Task :: The output must consist only of the lines from the one with "COMMAND THE DARK" through the end of the listing, restated exactly and free of pictures.

Data ::
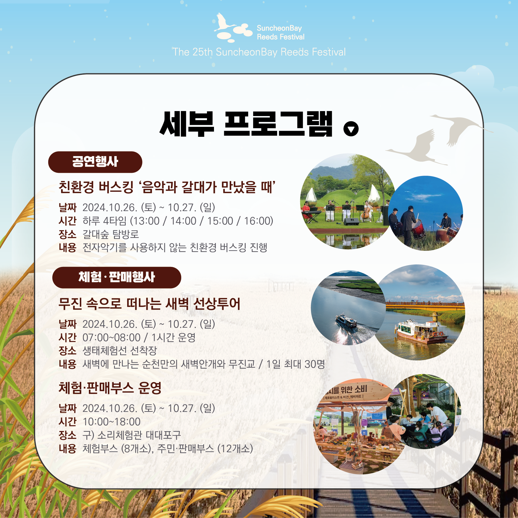 축제 기간 동안에는 다양한 프로그램이 진행됩니다. 갈대의 속삭임을 주제로 한 자연 명상, 갈대와 함께하는 음악 공연, 그리고 다양한 체험 부스가 마련되어 있습니다. 특히, 갈대밭을 배경으로 한 포토존은 인생 사진을 남기기에 최적의 장소입니다. 또한, 지역 특산물을 활용한 먹거리 장터도 운영되어, 순천의 맛을 느낄 수 있는 기회가 될 것입니다.
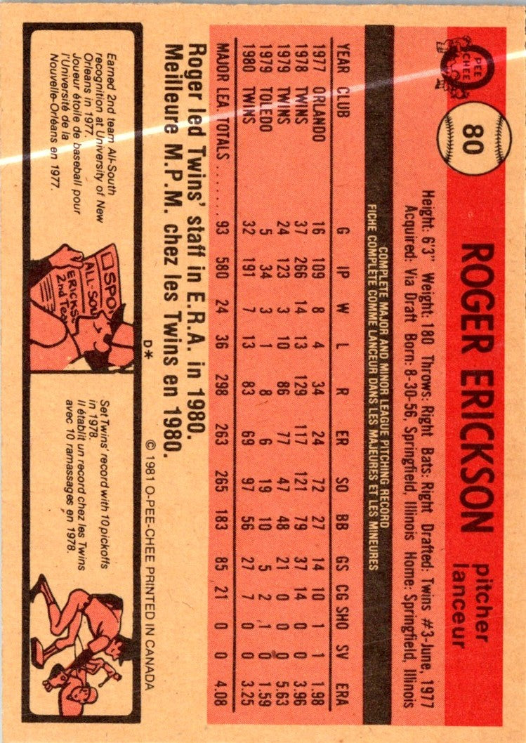 This 1981 O-Pee-Chee Roger Erickson #80 Minnesota Twins card is a great addition to any collection. Featuring a full color action shot of Roger Erickson on the front and his stats and biography on the back, this card is sure to be a hit with any Twins fan. This card is in excellent condition - no creases, scuffs, or marks - making it a great piece to add to your collection. Show off your Minnesota Twins pride with this stunning Roger Erickson card!
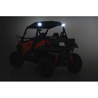 COMMAND THE DARK with Rough Country's Rear-Facing Cube LED Kit for Can-Am Maverick Trail/Sport models. This handy solution includes everything you need to upgrade your Can-Am Maverick with a set of 2-inch or 3-inch LED light cubes at the back of the roof for outstanding illumination.\Whether you're off the beaten path at sunset or gathering all your gear before dawn, you'll be glad to have access to additional lighting power to tackle the task at hand. With up to 13,500 lumens and 140 watts of high-intensity CREE LED output, you're sure to have plenty of LED power. Take your pick of our black-series 2-inch LED Cube or our 3-inch Wide Angle LED Cube!\These all-weather lights feature a durable, IP67 Waterproof, die-cast aluminum housing and include a premium wiring harness with toggle switch and in-line fuse. Best of all, this easy-to-install kit features a 100% bolt-on installation procedure allowing you to upgrade your Defender quickly and easily! Don't miss this opportunity to upgrade your UTV with one of the best Can-Am Maverick Trail/Sport Accessories available!
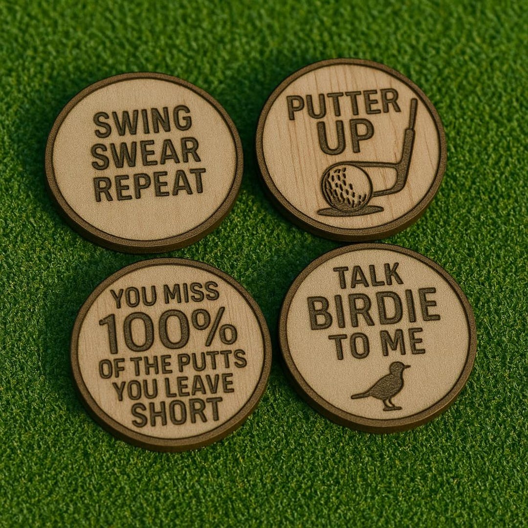Golf Ball Marker Set – Natural Wood 4-pack – Funny Golf Gift | Includes ...

Answer to the exercise ::
 COMMAND THE DARK with Rough Country's Rear-Facing Cube LED Kit for Can-Am Maverick Trail/Sport models. This handy solution includes everything you need to upgrade your Can-Am Maverick with a set of 2-inch or 3-inch LED light cubes at the back of the roof for outstanding illumination.\Whether you're off the beaten path at sunset or gathering all your gear before dawn, you'll be glad to have access to additional lighting power to tackle the task at hand. With up to 13,500 lumens and 140 watts of high-intensity CREE LED output, you're sure to have plenty of LED power. Take your pick of our black-series 2-inch LED Cube or our 3-inch Wide Angle LED Cube!\These all-weather lights feature a durable, IP67 Waterproof, die-cast aluminum housing and include a premium wiring harness with toggle switch and in-line fuse. Best of all, this easy-to-install kit features a 100% bolt-on installation procedure allowing you to upgrade your Defender quickly and easily! Don't miss this opportunity to upgrade your UTV with one of the best Can-Am Maverick Trail/Sport Accessories available!
Golf Ball Marker Set – Natural Wood 4-pack – Funny Golf Gift | Includes ...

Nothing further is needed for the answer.